» **Problem description**: Print the data below exactly, but only the lines from the one containing "这样的价格是否实惠呢?《中国" down to the one containing "The Silverware Basket", inclusive.

» **Record extracts**:
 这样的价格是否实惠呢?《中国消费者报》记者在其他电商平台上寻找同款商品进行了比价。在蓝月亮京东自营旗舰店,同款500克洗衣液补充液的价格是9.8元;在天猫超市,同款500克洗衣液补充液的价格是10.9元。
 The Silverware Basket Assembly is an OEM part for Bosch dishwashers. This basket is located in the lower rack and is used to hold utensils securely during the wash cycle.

--

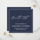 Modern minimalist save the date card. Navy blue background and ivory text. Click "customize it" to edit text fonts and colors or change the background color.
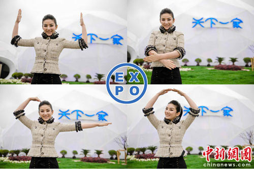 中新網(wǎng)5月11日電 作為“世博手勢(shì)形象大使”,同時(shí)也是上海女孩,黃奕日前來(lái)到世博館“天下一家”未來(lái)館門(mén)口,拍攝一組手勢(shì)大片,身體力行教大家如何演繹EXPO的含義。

» **Task output**:
 这样的价格是否实惠呢?《中国消费者报》记者在其他电商平台上寻找同款商品进行了比价。在蓝月亮京东自营旗舰店,同款500克洗衣液补充液的价格是9.8元;在天猫超市,同款500克洗衣液补充液的价格是10.9元。
 The Silverware Basket Assembly is an OEM part for Bosch dishwashers. This basket is located in the lower rack and is used to hold utensils securely during the wash cycle.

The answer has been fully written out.